Problem 63 Let \(A\) be the event that a nu... [FREE SOLUTION]

Chapter 4: Problem 63

Let \(A\) be the event that a number less than 3 is obtained if we roll a die once. What is the probability of \(A ?\) What is the complementary event of \(A\), and what is its probability?

Short Answer

Expert verified

The probability of event \(A\) is \(\frac{1}{3}\) and the probability of the complementary event \(A'\) is \(\frac{2}{3}\).

Step by step solution

Calculate Total Possible Outcomes

A die has six faces. Each roll of a die is independent and can result in any one of these six outcomes. Therefore, the total number of possible outcomes when rolling a die once is 6.

Identify Favorable Outcomes For Event \(A\)

Event \(A\), as defined in the exercise, is obtaining a number that's less than 3 when rolling a die. The outputs that satisfy this condition are 1 and 2. So, there are 2 favorable outcomes for event \(A\).

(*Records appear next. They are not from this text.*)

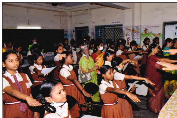
Students taking Oath, against abuse of Elders.

Brief Notes on Event No.240 (Commemoration of world elders Abuse Awareness Day and International Day of Yoga) held on 1st July 2022 at Dr.BMS Higher Secondary School, Shenoy Nagar, Chennai.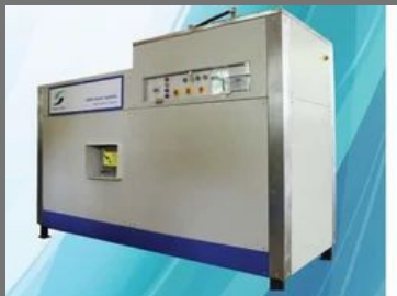
Smart Xpress Compressors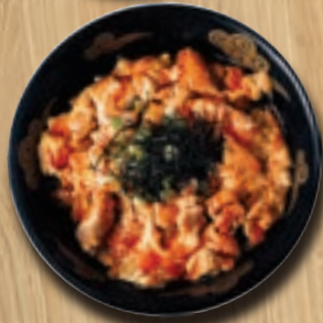
KARAI OYAKODON $10.95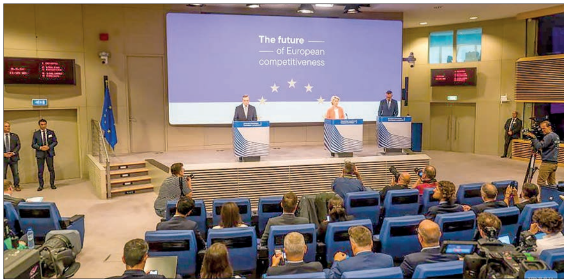
People attend a press conference on the report of the future of European competitiveness in Brussels, Belgium, on 9 September 2024.

debt tools shared between EU member states, and other collaborative strategies to

Calculate Probability of Event \(A\)

The probability of an event is calculated as the ratio of the number of favorable outcomes to the total number of possible outcomes. Therefore, the probability of event \(A\) is \(\frac{2}{6} = \frac{1}{3}\).

Identify Complementary Event

The complementary event of \(A\), denoted by \(A'\), is the event that \(A\) does not occur. This means if we roll a die, we get a number that is not less than 3. The numbers that fulfill this condition are 3, 4, 5, and 6. Hence, there are 4 favorable outcomes for event \(A'\).

Calculate Probability of Complementary Event \(A'\)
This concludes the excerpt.